Computing Reviews

Prototyping symbolic execution engines for interpreted languages
Bucur S., Kinder J., Candea G.  ASPLOS 2014 (Proceedings of the 19th International Conference on Architectural Support for Programming Languages and Operating Systems, Salt Lake City, UT, Mar 1-5, 2014)239-254,2014.Type:Proceedings
Date Reviewed: 04/09/14

While extensive testing is undoubtedly useful, it is also tedious. Automating this task as much as is feasible is an active research area; it has been more successfully applied (until now) to statically typed compiled languages. This work, while not the first of its kind, significantly advances what can be realistically done for interpreted languages.

By slightly instrumenting a language’s own interpreter, correct coverage of the full language is almost trivial to obtain. A few quite clever optimizations then make the results fairly practical. The main point is to be able to differentiate between low-level branching of the interpreter and high-level branching of the interpreted program: the goal is good coverage of the program, not the interpreter. All of the necessary concepts (symbolic execution, instrumentation, what interpreter optimizations to turn off, and others) for understanding the presented ideas are clearly explained; related work is cited when appropriate. The evaluation section is thorough yet informative.
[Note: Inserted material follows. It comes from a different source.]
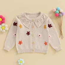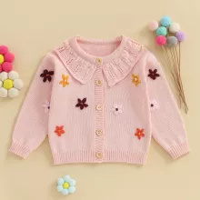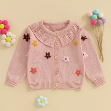 Wrap your baby girl in warmth and style with this adorable knit cardigan, designed to keep her snug during those chilly days. Featuring a soft, breathable fabric and delightful 3D flower accents, this cardigan is more than just a sweater—it’s a statement piece. The button-down front and crew neckline make it easy to wear, while the long sleeves add extra comfort and protection for cooler weather.

The paper itself is beautifully written, using clear, concrete, and precise language. At all times, the reader sees the high-level picture that the authors are trying to paint, as well as the details that are presented in each section. It is thoroughly motivated, with deftly analyzed experimental results. This is a significant paper, yet the authors do not overstate their case, carefully inserting appropriate caveats where necessary. This paper is an absolute must-read for anyone remotely interested in interpreted languages.